Centred around a Hollywood ‘crisis publicist’ and an ex-cop investigating the murder of a colleague, Harper does a great job updating old L.A. noir tropes in Everybody Knows, hitting the market/sentiment/vibe of the 2020s perfectly. The magic of the book is how seamlessly he layers one over the other. It gives the jolt of classic noir (lots of incident, hardboiled characters, sleaze, one-liners) and then punches you right in the guts with why does this still work in 2023? Answer: because L.A. is eternally corrupt and fucked-up. The characters here refer to it as the beast.

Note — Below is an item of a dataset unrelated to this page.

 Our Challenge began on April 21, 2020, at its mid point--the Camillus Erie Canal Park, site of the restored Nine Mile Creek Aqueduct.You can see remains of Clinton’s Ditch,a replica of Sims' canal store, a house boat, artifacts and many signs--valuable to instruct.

Everybody Knows is one of the few novels I’ve read in recent years that I wanted to be longer and more expansive. This story world of this could be a whole career, and I’m glad to hear that Harper is working on a sequel.

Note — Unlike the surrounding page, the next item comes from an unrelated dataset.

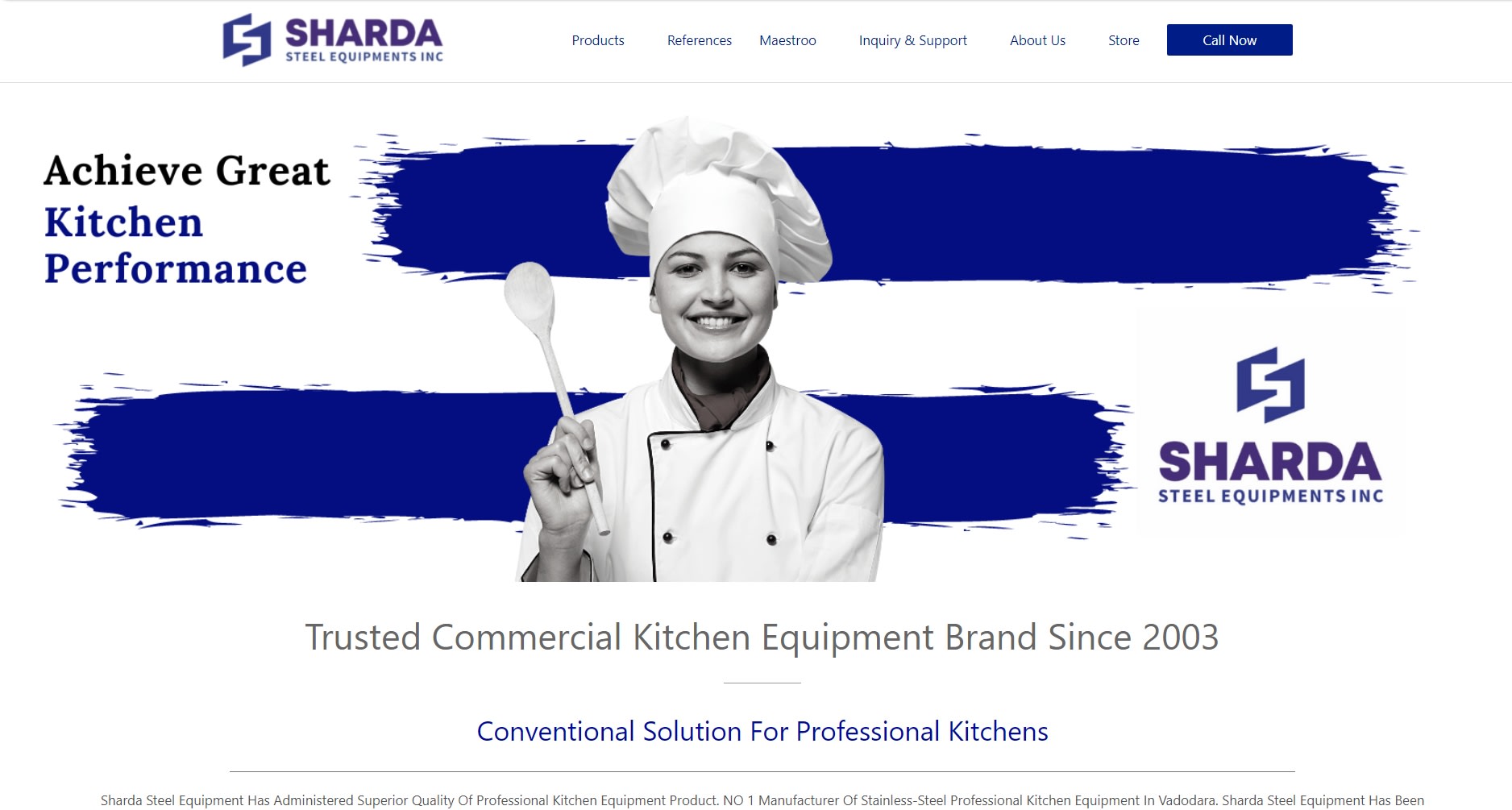 Shardaequip.in is a WordPress-based product website designed to showcase commercial kitchen equipment with high-quality images, technical specifications, general descriptions, and an easy inquiry process.

PUNISHMENT by Ferdinand von Schirach
Crime by Ferdinand von Schirach is one of my favourite books. A bestseller in Schirach’s home country, but rarely stumbled across in Australia (Text Publishing issued a translation in 2011), Crime is a collection of eleven supposedly true stories encountered as part of Schirach’s legal practice. It’s a wild, gritty collection, true or not: funny, violent, perverse, sour and yet, strangely generous too. The true horror of it is how relatable the criminals are. The difference between them and the rest of us is a ‘thin layer of ice’ and ‘it’s very cold underneath.’ And thus the stakes are always very high.
Punishment, arriving this year, is Schirach’s third in the series. A second collection called Guilt was published in 2012. I’m not going to detail the shape of Punishment’s stories or do the rest of it. I just want to tell you two things instead.
I loved the new book almost as much as the first. It’s a classic.
And here’s the pitch I give people when they come to my house and ask after a book and I hand them Crime:
There’s a story in here about a security guard who — through a terrifying mishap of German bureaucracy and politeness — stands guard over the Gustav Eberlein statue Dornauszieher (below) for a decade. Same man, same room, year on end, staring at this statue. Dornauszieher means ‘thorn puller’. And then…the police start investing a weird crime happening in Berlin: someone is dropping drawing pins in public places.